Exercise goal -
Write the data out again exactly, dropping any images it holds.

Provided material -
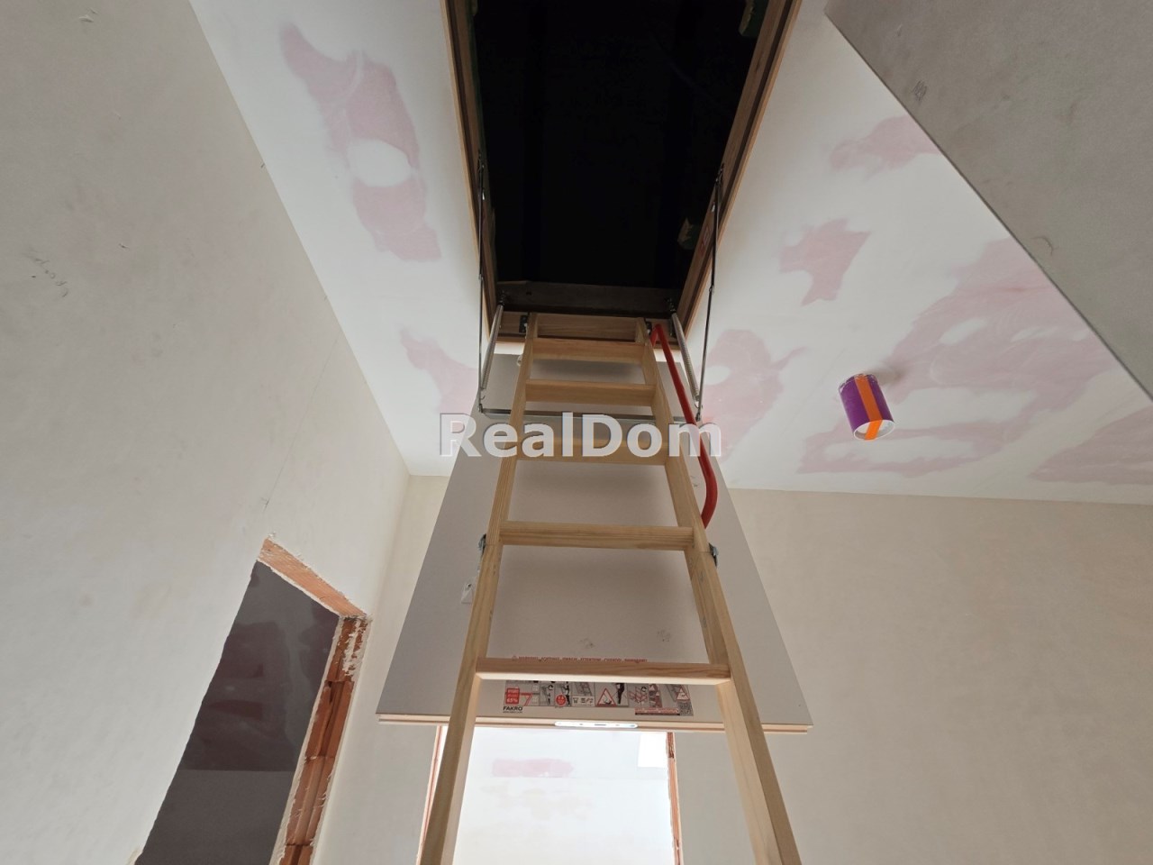 Dom posiada 2 poziomy, 5 pokoi, 2x łazienki i dodatkową powierzchnię na strychu.
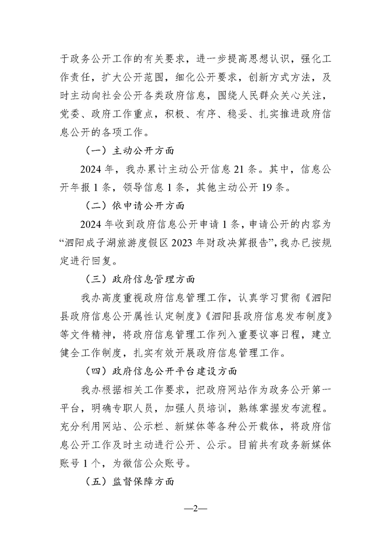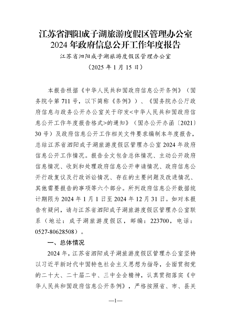 江蘇省泗陽成子湖旅游度假區管理辦公室2024年政府信息公開工作年度報告
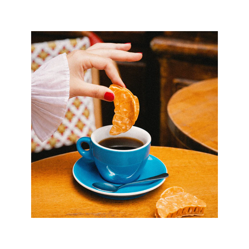 Une pince à cheveux en forme de croissant gourmand qui nous rappelle ceux de notre enfance, qu’on dégustait encore tièdes, et qui nous laissaient les doigts pleins de beurre. Un souvenir régressif à emporter avec nous tous les matins !

Task response -
 Dom posiada 2 poziomy, 5 pokoi, 2x łazienki i dodatkową powierzchnię na strychu.
 江蘇省泗陽成子湖旅游度假區管理辦公室2024年政府信息公開工作年度報告
 Une pince à cheveux en forme de croissant gourmand qui nous rappelle ceux de notre enfance, qu’on dégustait encore tièdes, et qui nous laissaient les doigts pleins de beurre. Un souvenir régressif à emporter avec nous tous les matins !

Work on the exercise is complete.